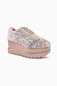 Our Mademoiselle wedge sneakers embody this spirit in their sharp geometric patterns, refined hand embroidery, and shimmering embellishments. The design showcases mirror and thread work, brought to life with pearls and sequins in ivory, beige, and gold tones.
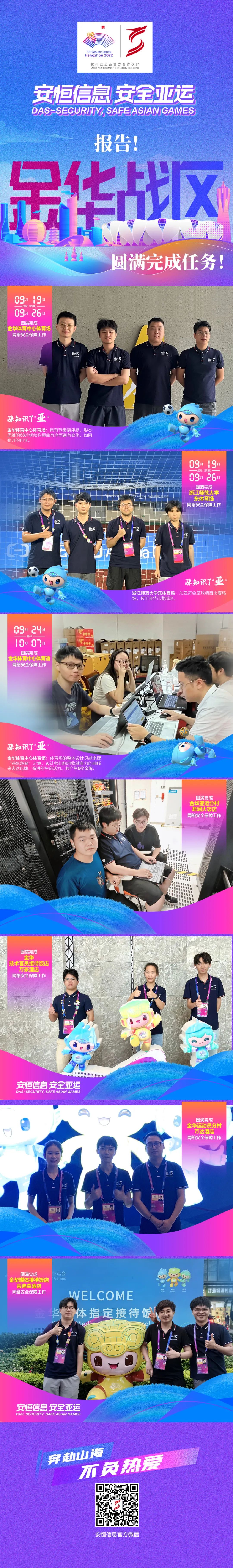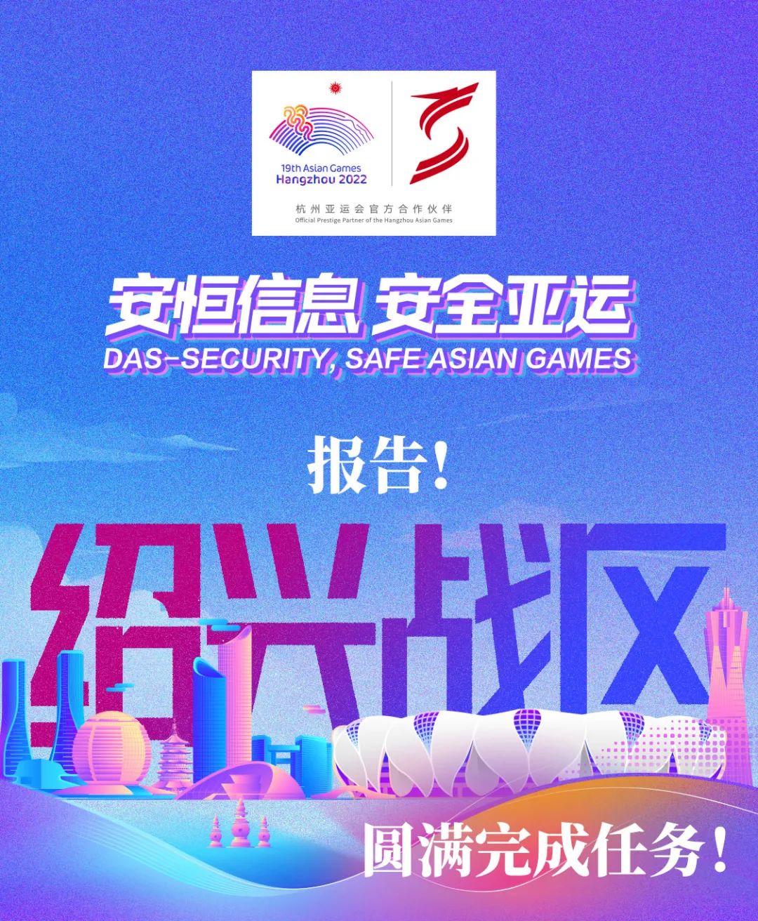 随着本届亚运会步入尾声,安恒信息六大主战区中,继温州、宁波之后,金华、绍兴、湖州三大主战区也陆续完成网络安全保障任务,画上圆满句点。至此,除即将举办闭幕式的主办城市杭州外,其余五大战区已全面告捷!
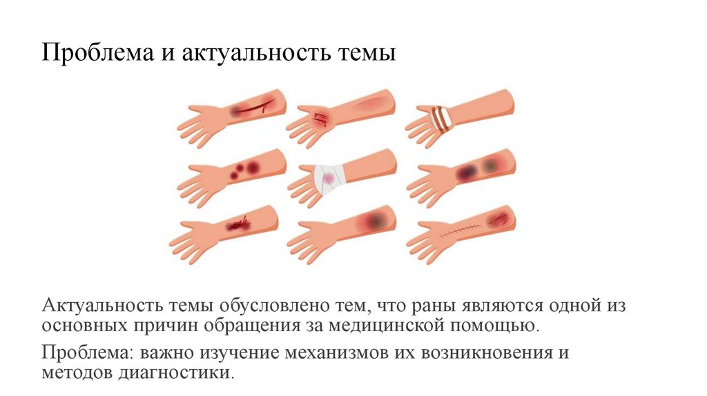 Актуальность темы обусловлено тем, что раны являются одной изосновных причин обращения за медицинской помощью.

» **TASK TO CARRY OUT**:
Pictures are to be left out; all other data must be returned exactly.

» **TASK OUTPUT**:
 Our Mademoiselle wedge sneakers embody this spirit in their sharp geometric patterns, refined hand embroidery, and shimmering embellishments. The design showcases mirror and thread work, brought to life with pearls and sequins in ivory, beige, and gold tones.
 随着本届亚运会步入尾声,安恒信息六大主战区中,继温州、宁波之后,金华、绍兴、湖州三大主战区也陆续完成网络安全保障任务,画上圆满句点。至此,除即将举办闭幕式的主办城市杭州外,其余五大战区已全面告捷!
 Актуальность темы обусловлено тем, что раны являются одной изосновных причин обращения за медицинской помощью.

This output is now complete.